Log Message Structure MTB-666
time
This is the clock reading at the time the message originated.
This must be set by the caller of log_segment_$create_message,
because the message may be added to a log significantly later
than when it was initially formatted.
text_lth
This is the length, in characters, of the text portion of the
message. It must not be zero; every message should have a
text portion.
data_lth
This is the length, in words, of the binary portion of the
message. If there is no binary portion, this must be zero; in
that case, the data_class should be blank and the data_type
must be zero also.
process_id
This is the process_id of the process generating the message.

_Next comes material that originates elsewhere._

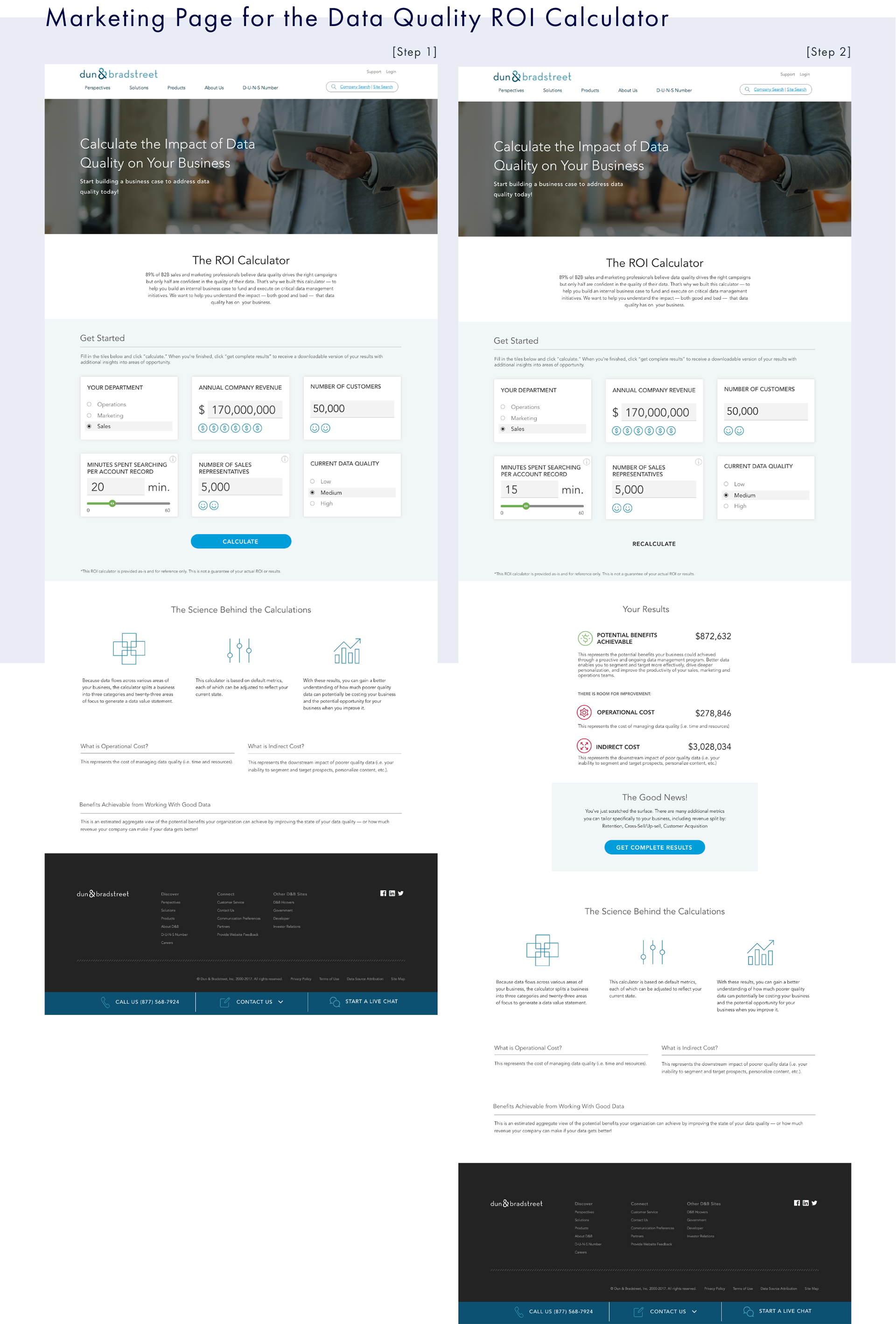 The Data Value ROI Calculator is an interactive tool to help prospects and customers understand the value that good data quality has on their business and the impact poor data quality is having. I worked cross collaboratively with Product, developers, Sales, and Marketing key stakeholders to design 2 experiences, a marketing tool that teases the high level inputs and a pre sales tool used by a sales rep. This was a fast paced, high priority, project commissioned by the GM of the business.

It can be used to identify processes at a later time.
text
This is the text (printable) portion of the log message.
data_class
This is a ten-character (or shorter) field used to identify
the message formatting procedure for the binary data in this
message. When the print_sys_log command is used to display
the message, it will look for a procedure called
format_XXXX_log_msg_ to format binary messages. Valid values
for this field depend on the application; see
print_sys_log.info for a list.
data
This is the binary (non-printable) portion of the log message.
It must be interpreted by a special format procedure (see
data_class, above) before it can be printed.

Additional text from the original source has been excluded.